Vingt mille lieues sous les mers est un kaléidoscope. On peut déceler dans ce classique plusieurs niveaux de lecture. Autant la description du Nautilus et de l'écosystème marin me paraissaient féeriques plus jeune, autant je vois maintenant ce roman comme un feuilleton destiné pour un public extrêmement mercantile et porté sur des sujets matériels. C'est tout à fait compréhensible puisque nous sommes sous le Second empire. Pour valoriser une description et montrer la beauté d'un objet, d'une peinture ou d'un animal,
Jules Verne réalise à chaque fois une estimation financière de son sujet.
C'est systématique et devient particulièrement fatiguant à la longue. Est-ce à dessein?
J'ai cru même déceler une certaine forme d'ironie de l'auteur.

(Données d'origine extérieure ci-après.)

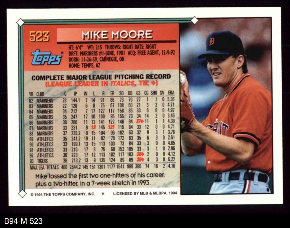 1994 Topps #523 Mike Moore 8 - NM/MT

Rappelons que ce dernier déplore la disparition des sciences humaines au profit des sciences techniques et de la finance dans
Paris au XXe siècle (interdit de publication par Hetzel et publié à titre posthume).
Le rapport au règne animal est absolument abject à travers les massacres massifs de la faune marine.
Mais c'était sans doute une vision du progrès et de la supériorité humaine sur les autres espèces de l'époque ou est-ce encore de l'ironie dissimulée?
Cette vision peut-être très incisive de Verne par effet d'accumulation des estimations des biens, d'oeuvres d'art, de matières premières naturelles, me rappelle les techniques de
Flaubert qui manifeste son propre ennui dans
Madame Bovary à travers l'épisode de Rouen. Tandis qu'Emma fait l'amour dans un fiacre, les noms des rues à travers lesquelles déambule le cocher font allusion au sexe de bas niveau et de fait, à la médiocrité de l'héroïne. Une telle démarche pour critiquer de manière indirecte un sujet tel que les moeurs, semble plausible également avec
Jules Verne. A l'époque Hetzel fait respecter une ligne éditoriale particulièrement conforme aux attentes de la bourgeoisie. Un roman à lire et à relire pour voir les choses en grand...et parfois en plus petit.